- **YOUR TASK**
In your copy, reproduce each entry exactly and include no picture.

- **EXERCISE DATA**
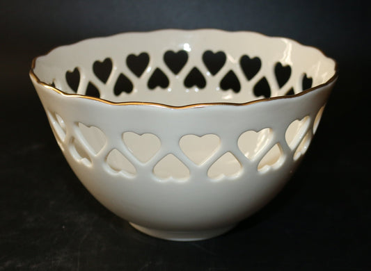Lenox Ivory Reticulted Heart Collection Bowl With Gold Rim
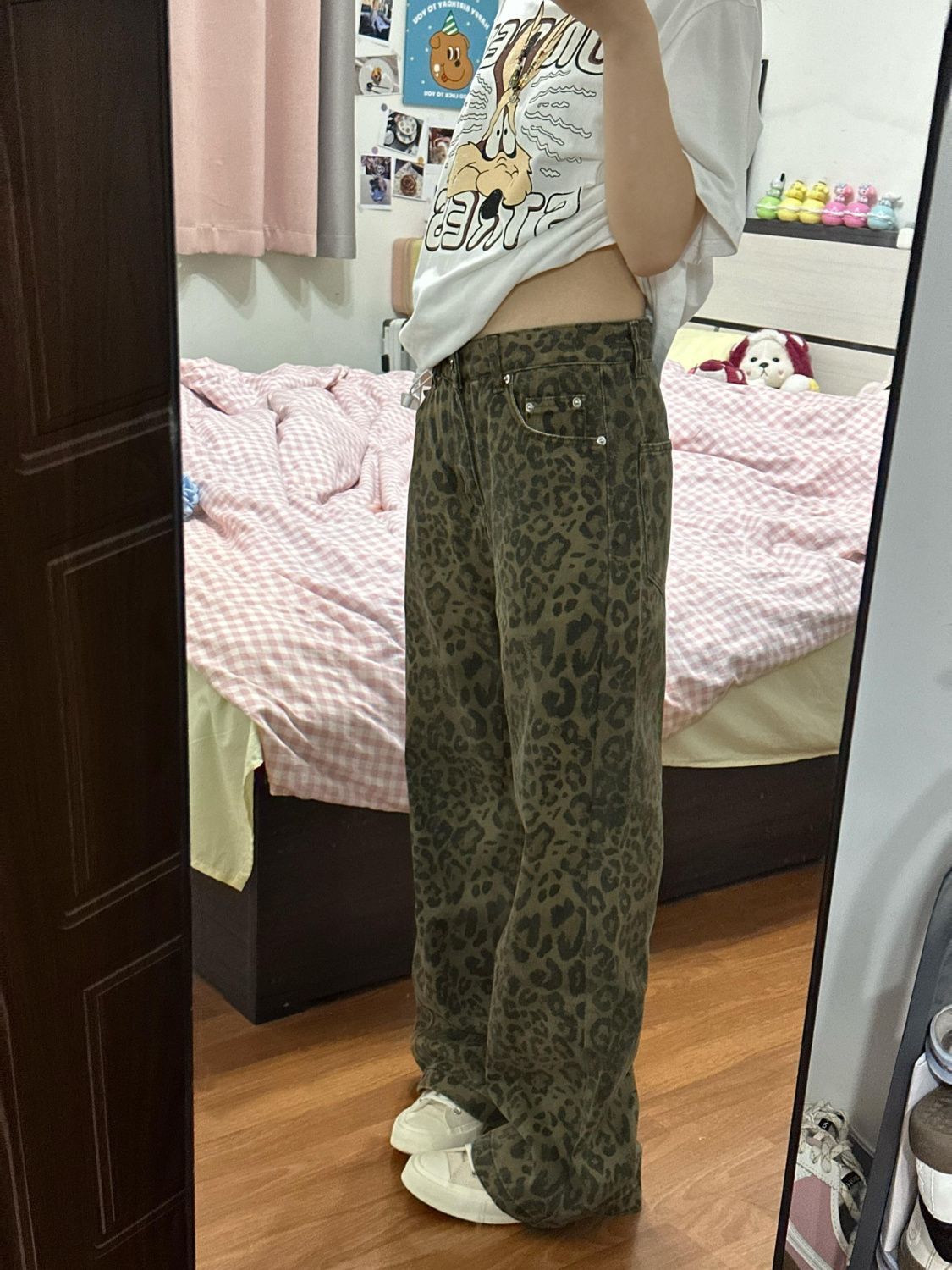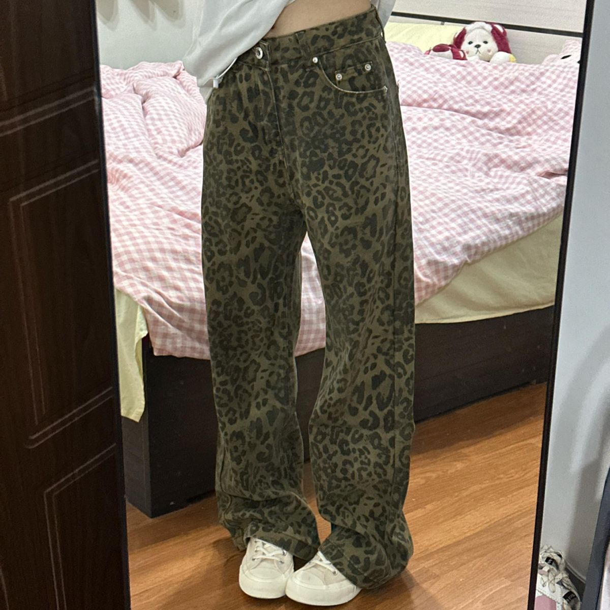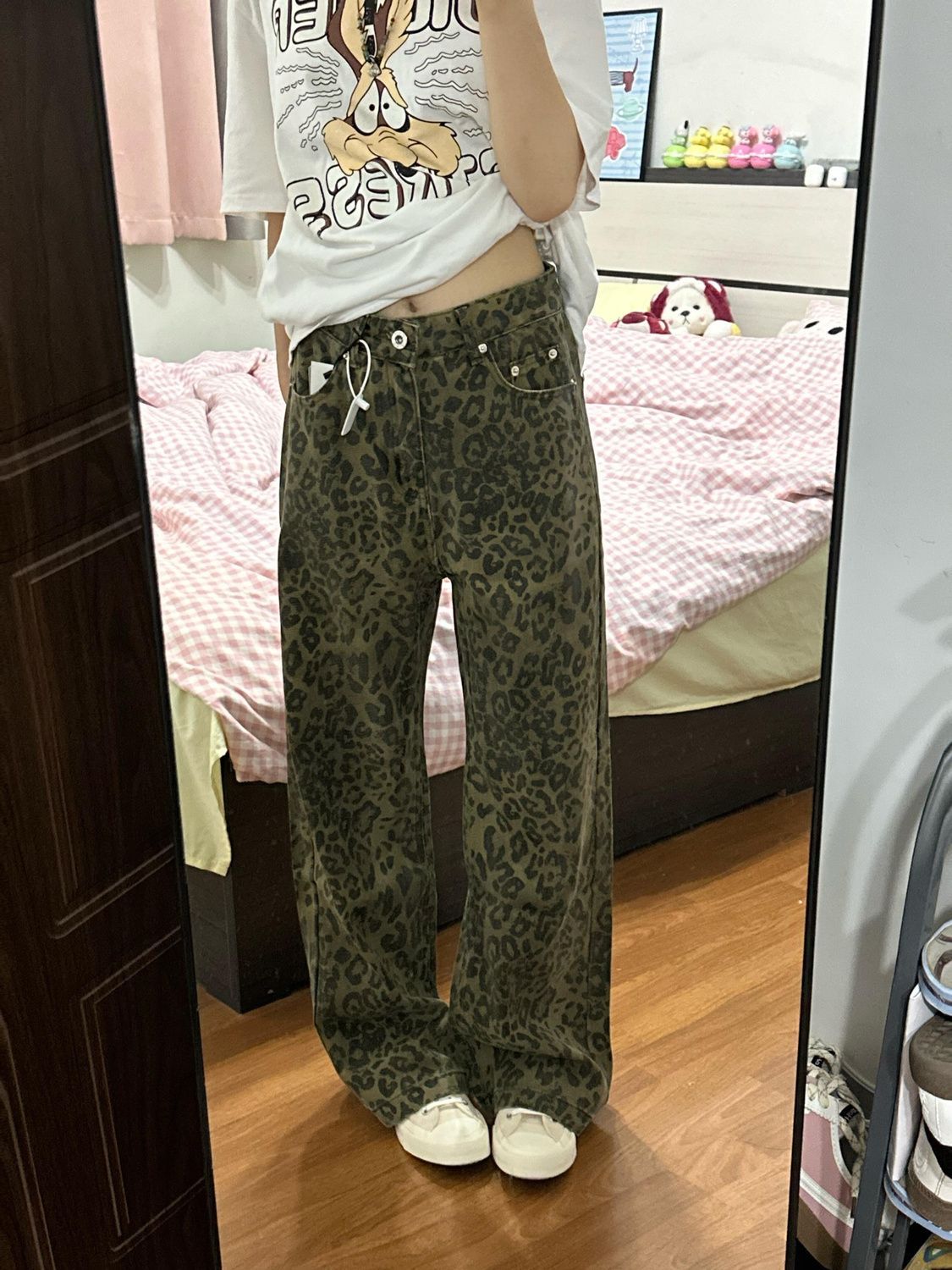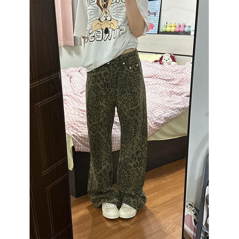 빈티지 레오파드 무늬 스트레이트 레그 와이드 레그 청바지 여성의 2024 가을 새로운 미국 스타일 높은 허리 캐주얼 루즈 걸레 바지스토어 가기
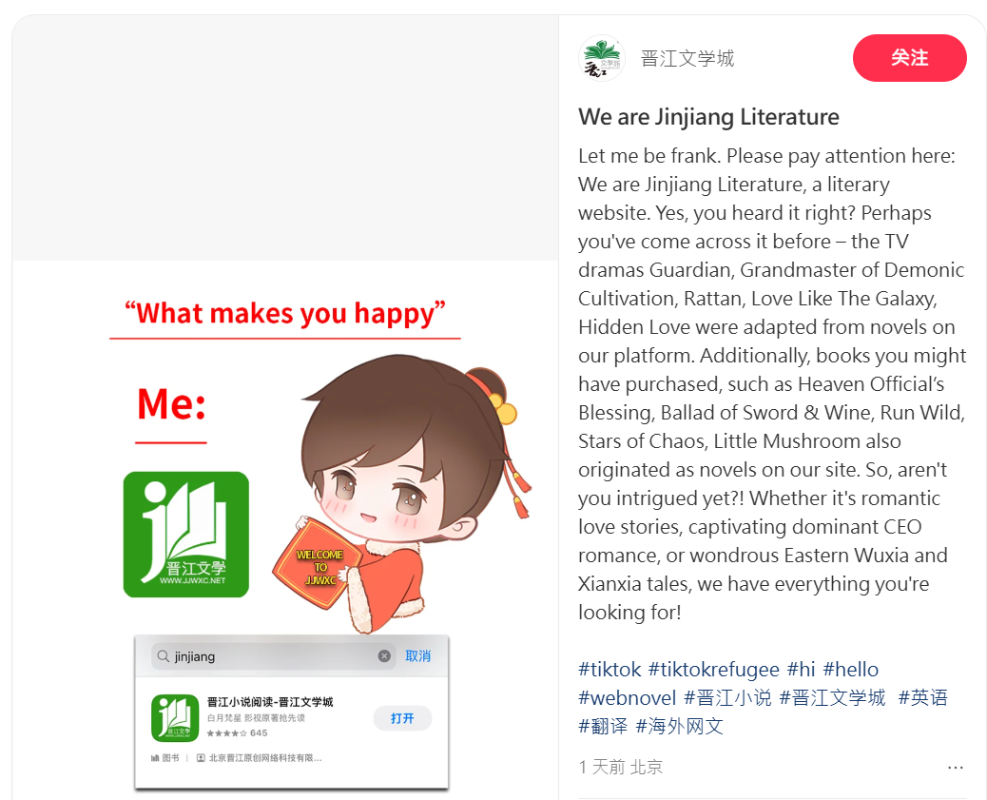香港新聞網1月17日電 繼中美網友自發在小紅書交收“貓稅”、輔導作業、交換表情包後,內地各大機構也開始下場“整活”,歡迎這些自稱“TikTok難民”的外國新用戶。 昨日(16日),內地原創網絡文學網站“晉江文學城”在內地社交媒體小紅書發帖介紹自己並歡迎外國網友。 帖文用英文介紹稱,一些在國外受到歡迎的電視劇如《鎮魂》、《陳情令》、《司藤》、《星漢燦爛》、《偷偷藏不住》等,都是“晉江文學城”的小說改編而來。一些國外網友購買過的出版作品,也是其網站的小說。晉江文學城表示,網站擁有浪漫的愛情小說、迷人的霸總文學、奇妙的東方武俠仙俠故事,“所以你還不心動嗎?”
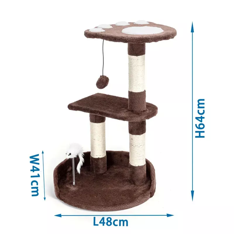Dwupiętrowe drzewko dla kota w kształcie łapy z zabawką
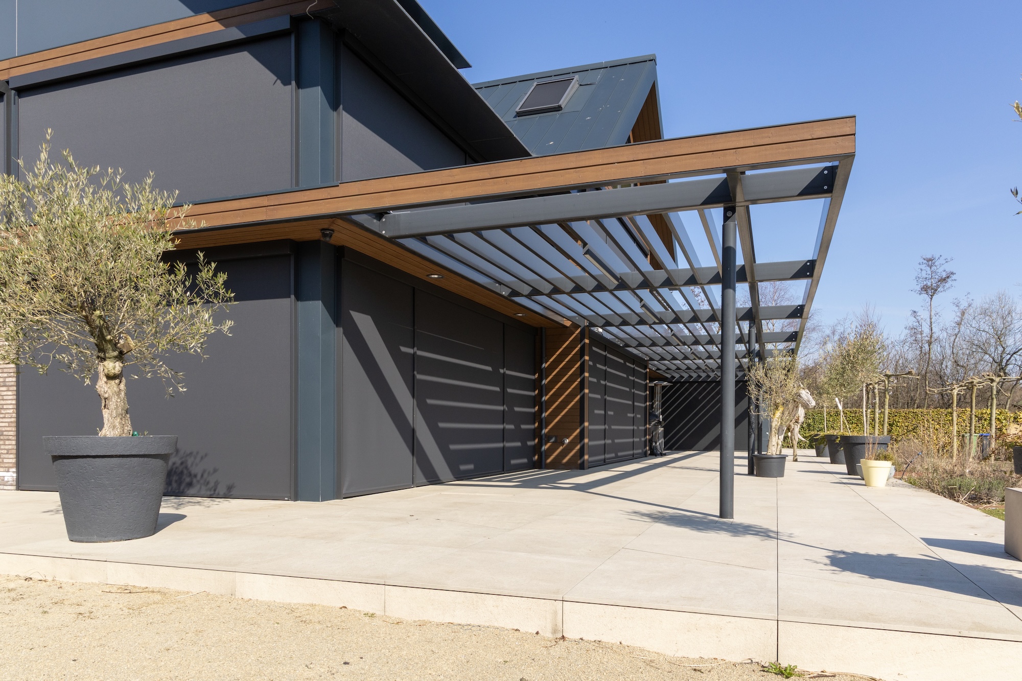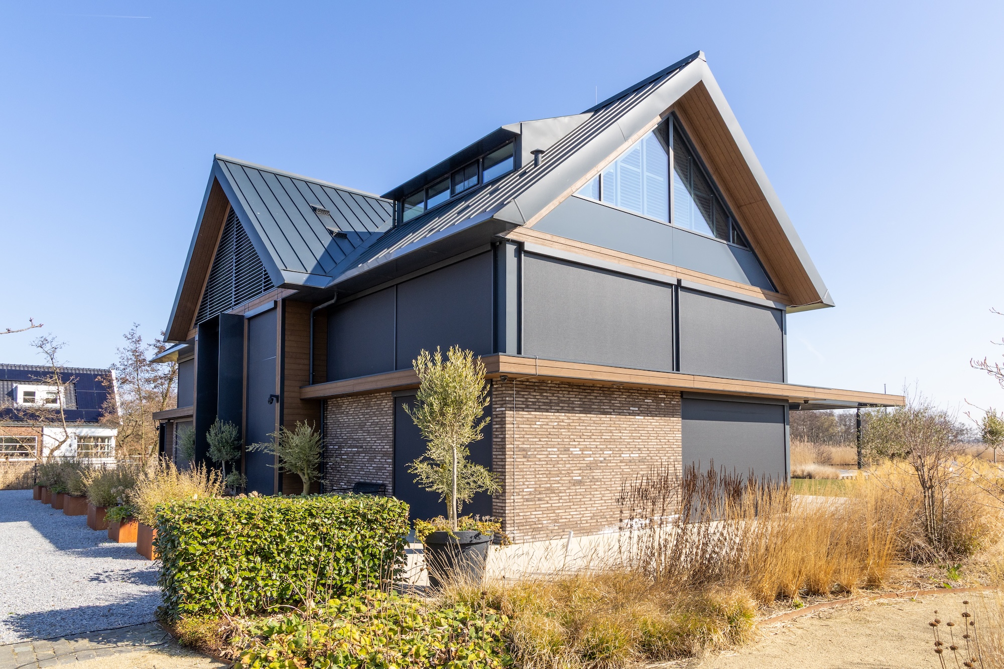 De woning in Nieuw-Loosdrecht is uitgerust met vloerkoeling en HR++ glas, maar dat bleek niet voldoende om de binnentemperatuur aangenaam te houden tijdens zonnige dagen. De zon schijnt de hele dag naar binnen, waardoor het ondanks alle voorzorgsmaatregelen vaak boven de 30 graden werd in huis. Voor de bewoners leidde dit tot een onaangenaam binnenklimaat. Een structurele oplossing was nodig – en die werd gevonden in hoogwaardige zonwering van Van der Wal.

- **EXERCISE RESULT**
Lenox Ivory Reticulted Heart Collection Bowl With Gold Rim
 빈티지 레오파드 무늬 스트레이트 레그 와이드 레그 청바지 여성의 2024 가을 새로운 미국 스타일 높은 허리 캐주얼 루즈 걸레 바지스토어 가기
香港新聞網1月17日電 繼中美網友自發在小紅書交收“貓稅”、輔導作業、交換表情包後,內地各大機構也開始下場“整活”,歡迎這些自稱“TikTok難民”的外國新用戶。 昨日(16日),內地原創網絡文學網站“晉江文學城”在內地社交媒體小紅書發帖介紹自己並歡迎外國網友。 帖文用英文介紹稱,一些在國外受到歡迎的電視劇如《鎮魂》、《陳情令》、《司藤》、《星漢燦爛》、《偷偷藏不住》等,都是“晉江文學城”的小說改編而來。一些國外網友購買過的出版作品,也是其網站的小說。晉江文學城表示,網站擁有浪漫的愛情小說、迷人的霸總文學、奇妙的東方武俠仙俠故事,“所以你還不心動嗎?”
Dwupiętrowe drzewko dla kota w kształcie łapy z zabawką
 De woning in Nieuw-Loosdrecht is uitgerust met vloerkoeling en HR++ glas, maar dat bleek niet voldoende om de binnentemperatuur aangenaam te houden tijdens zonnige dagen. De zon schijnt de hele dag naar binnen, waardoor het ondanks alle voorzorgsmaatregelen vaak boven de 30 graden werd in huis. Voor de bewoners leidde dit tot een onaangenaam binnenklimaat. Een structurele oplossing was nodig – en die werd gevonden in hoogwaardige zonwering van Van der Wal.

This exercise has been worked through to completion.